On March 30, 1998, we inaugurated a Patent Working Lab to test new working procedures.
The goals of the lab are to:

  • improve patent application processing;
  • train technical support personnel to perform higher-level functions and thereby enable the examiners to focus on legal and technical work;
  • encourage teamwork and collaboration between team members;
  • improve examination quality;
  • improve customer and employee satisfaction.
  • We will assess the results of the lab from our customers' and employees' perspectives, as well as the agency's.

After six months of operation, the participants are enthusiastic about working in the lab environment. Employee satisfaction has improved significantly since the lab opened, and examiners and support staff are finding new ways to help each other.

On October 1, the lab entered the second phase of operation. This phase will test procedural changes incorporated into the program as a result of the experience gained from the first months of lab operation.

Goal 5: Assess fees commensurate with resource use and customer efficiency.

In order to encourage innovation and to ensure low-cost access to the patent system, our patent system has a fee to file patent applications much lower than the actual cost of processing those applications. We recover our costs through fees charged to maintain issued patents. The General Accounting Office, in past consultations, has pointed out that this does not align well with the actual costs of processing a patent, which tend to be high during the examination of the application and low after the patent is issued. The PTO has a responsibility to ensure that the patents and trademarks system encourages the broadest participation, however, and the current fee structure was designed with that end in mind. We will work with Congress to establish a fee schedule, aligned with costs, that encourages maximum participation in the patents and trademarks system. This goal also represents the third of our HIA commitments within the patent business area.
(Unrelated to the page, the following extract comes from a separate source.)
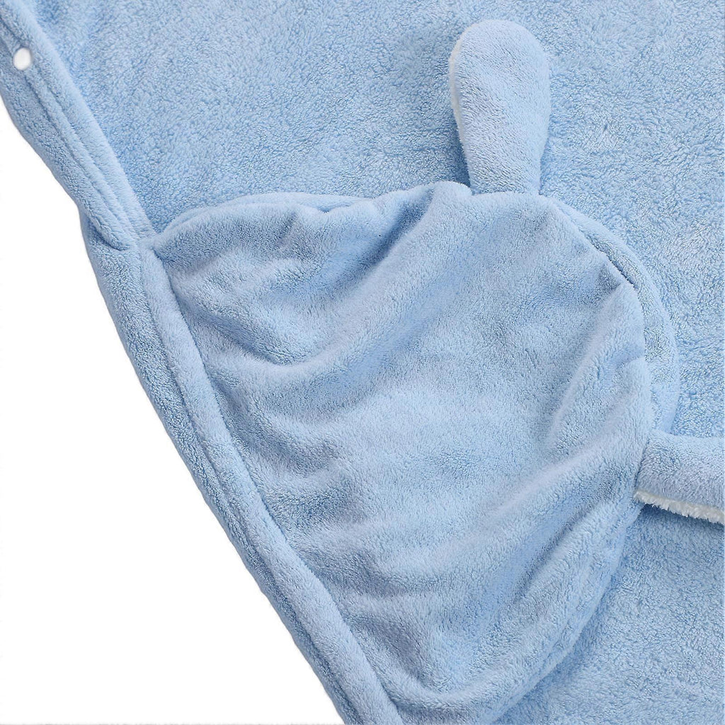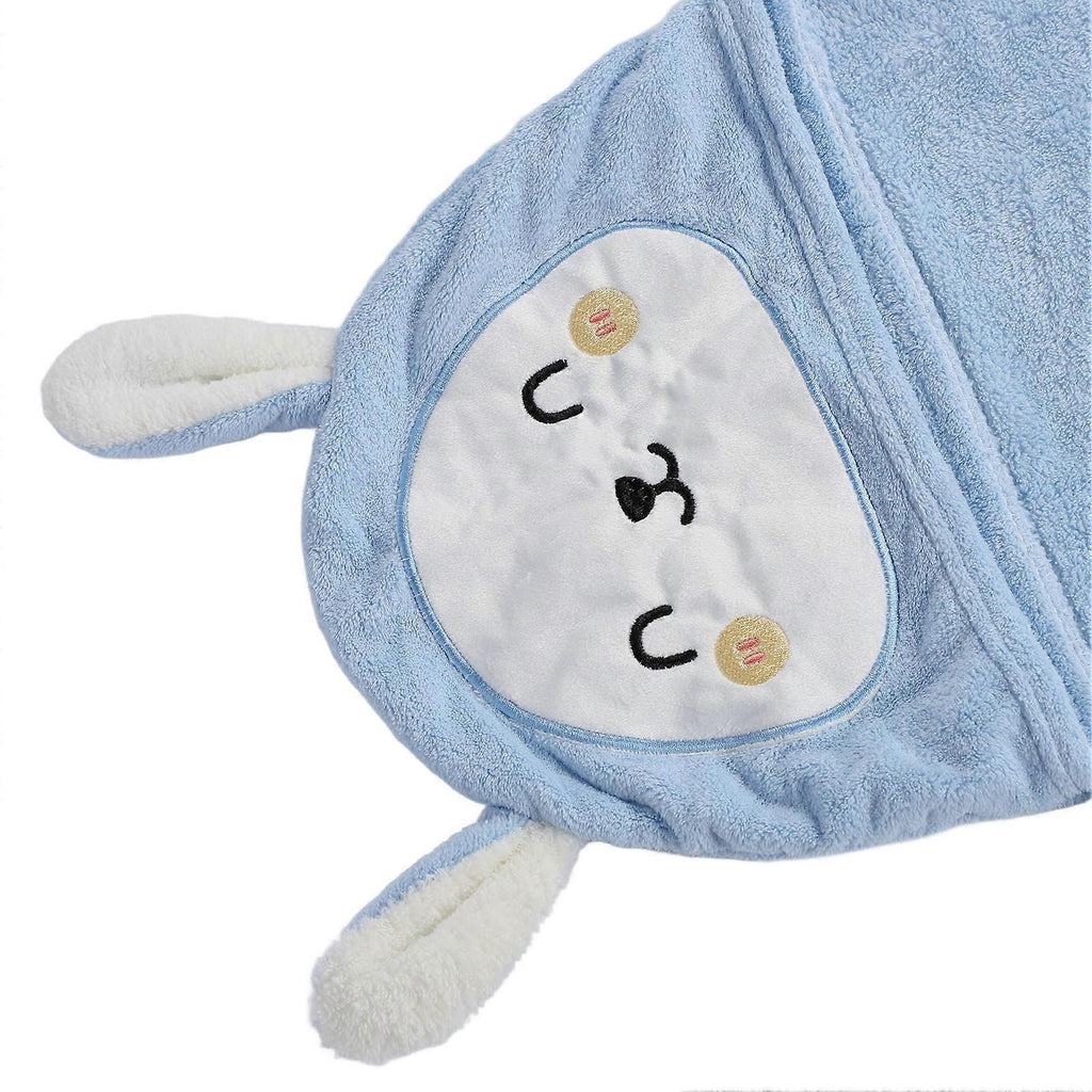 Baby Coral Fleece Hooded Towel Cute Bunny Ultra Absorbent Toddler Bathroom Towel for Infant Newborn Blue 31.5 X 59.1in

We began a project last year to determine if we could realign our fee structure to better match our costs while maintaining or raising customer participation. Teams of PTO employees traveled around the country to eight different cities, meeting with a cross-section of PTO customers and soliciting their views on possible improvements to our fee structure. A summary of their input has been placed on the PTO's Internet site. We are still examining the results of those meetings, and will discuss our conclusions with our customers before recommending any changes. In addition, we are conducting an activity-based costing project to obtain accurate cost data to accompany our customers' input.

Footnotes:

1In 1995, Congress changed the length of a patent's term from 17 years from the date the patent was issued to 20 years after the earliest effective filing date claimed by the applicant. As a result, the time the PTO spends processing an application now directly affects the length of the patent term. In response, we have changed our measure from traditional pendency to processing time, or cycle time. This allows us to measure the time we spend processing an invention, and excludes the time expended by the applicant, such as the time spent by the applicant in making a reply. Also, the pendency method tracked individual patent applications and separately tracked continuations, or second applications filed to continue the prosecution of a parent application; cycle time tracks inventions regardless of the number of applications filed on that invention.